* [DATA SECTION]

^^^^^^^^^^^^^^^^

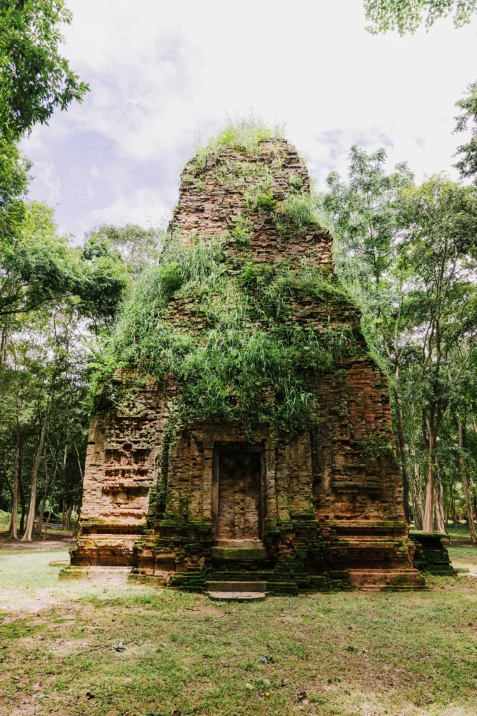 Contrairement aux temples d’Angkor, construits principalement en grès, Sambor Prei Kuk se distingue par l’utilisation magistrale de la brique. Le site compte plus de 150 temples, dont beaucoup ont une forme octogonale unique, une caractéristique rare dans l’architecture hindouiste d’Asie du Sud-Est.
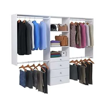 Show more Introducing the ultimate solution for all your storage woes: the Closet Storage Tower System. This versatile and stylish storage unit is designed to elegantly hang on a sturdy steel track, mounting conveniently to your wall to maximize space and efficiency. With four spacious drawers, six adjustable shelves, and four robust rods, this system makes organizing your clothing, shoes, and personal items not just easy, but enjoyable. Say goodbye to clutter and hello to a beautifully organized closet!
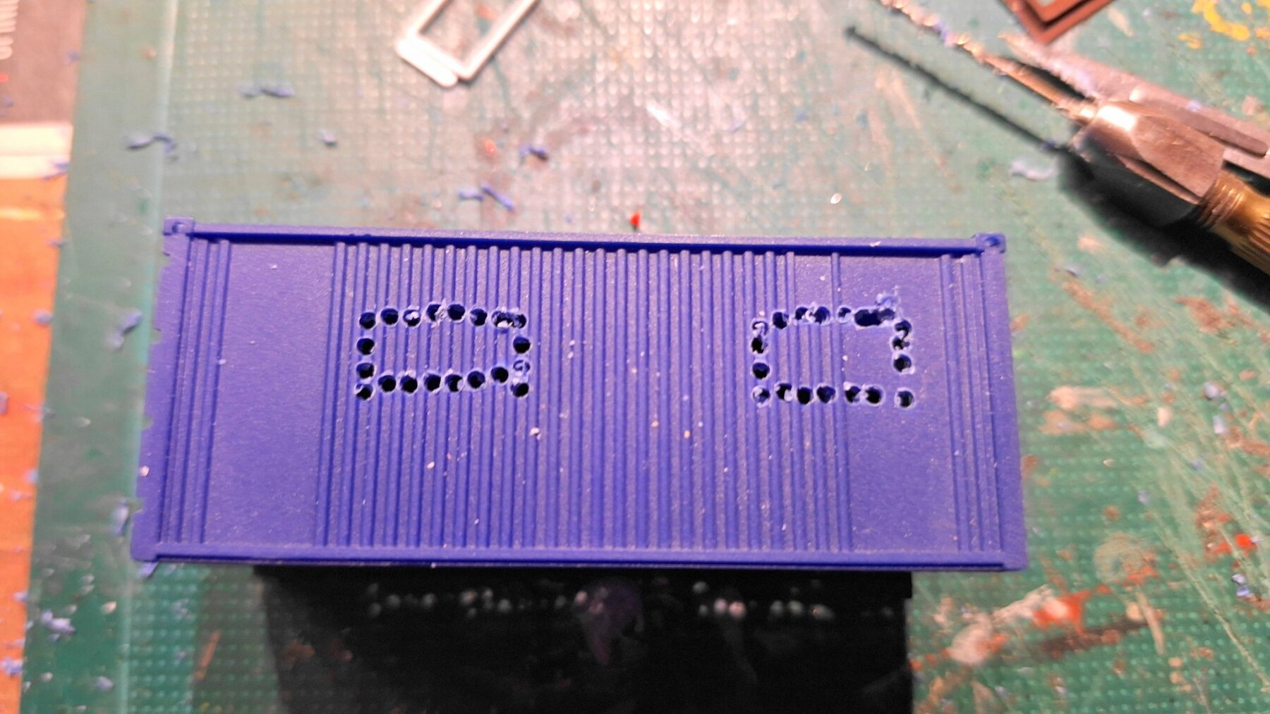 Eerst wat ramen en een deur zagen. Voorboren en met een scalpel de gaten pas maken voor de kozijnen uit de rommeldoos
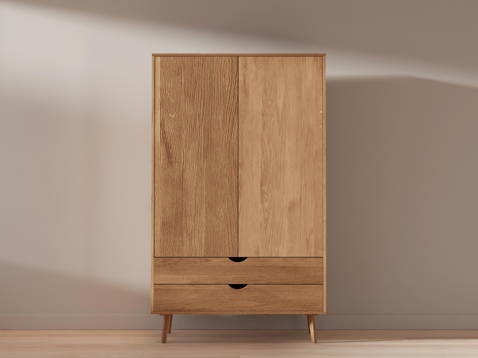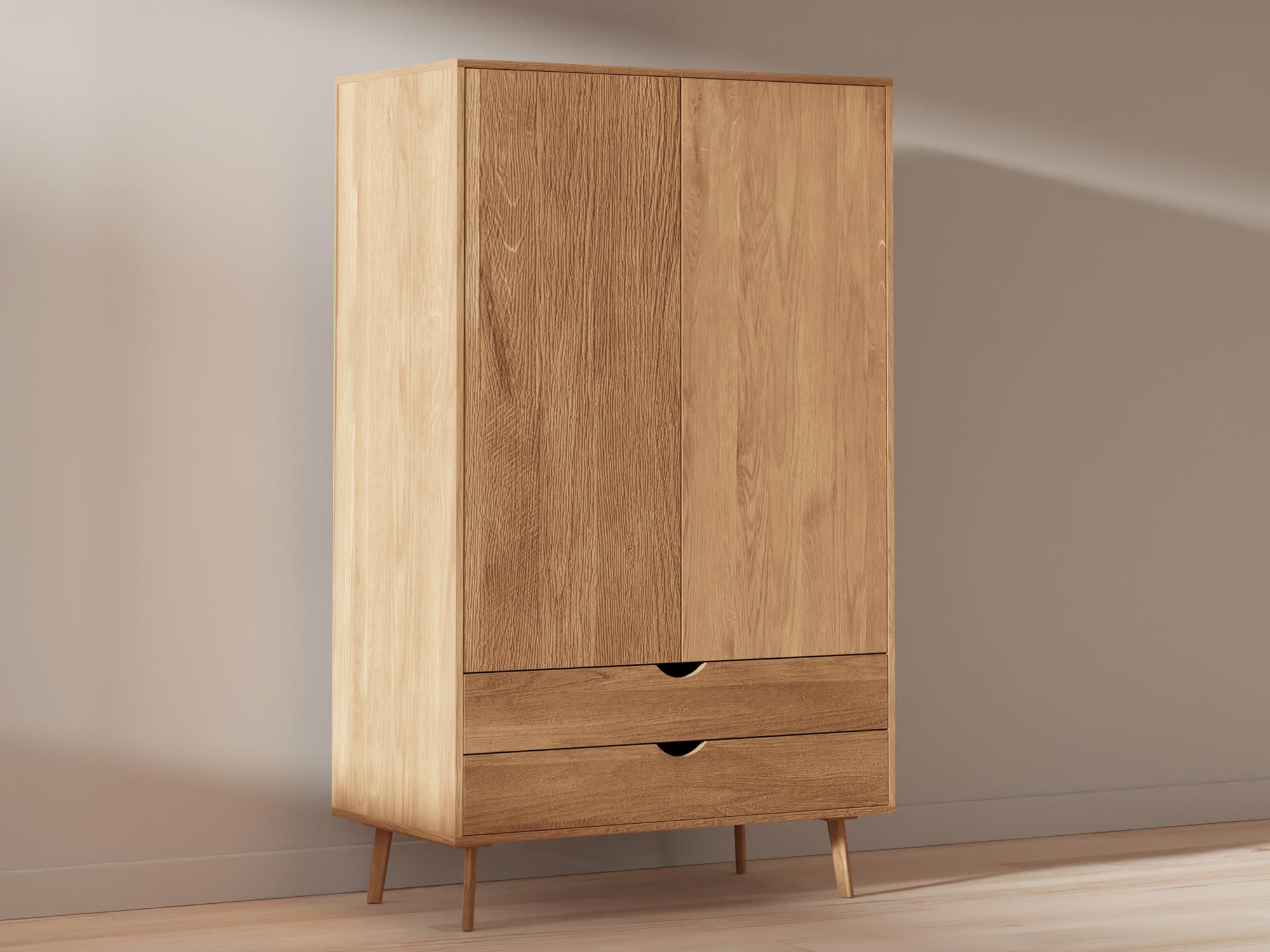 Wysoka szafa dębowa z szufladą, prosty skandynawski styl

^^^^^^^^^^^^^^^^

Return the material line for line, from its beginning to the line that contains "Show more Introducing", with the pictures left out.

* [SOLUTION FOR THIS PROBLEM]
 Contrairement aux temples d’Angkor, construits principalement en grès, Sambor Prei Kuk se distingue par l’utilisation magistrale de la brique. Le site compte plus de 150 temples, dont beaucoup ont une forme octogonale unique, une caractéristique rare dans l’architecture hindouiste d’Asie du Sud-Est.
 Show more Introducing the ultimate solution for all your storage woes: the Closet Storage Tower System. This versatile and stylish storage unit is designed to elegantly hang on a sturdy steel track, mounting conveniently to your wall to maximize space and efficiency. With four spacious drawers, six adjustable shelves, and four robust rods, this system makes organizing your clothing, shoes, and personal items not just easy, but enjoyable. Say goodbye to clutter and hello to a beautifully organized closet!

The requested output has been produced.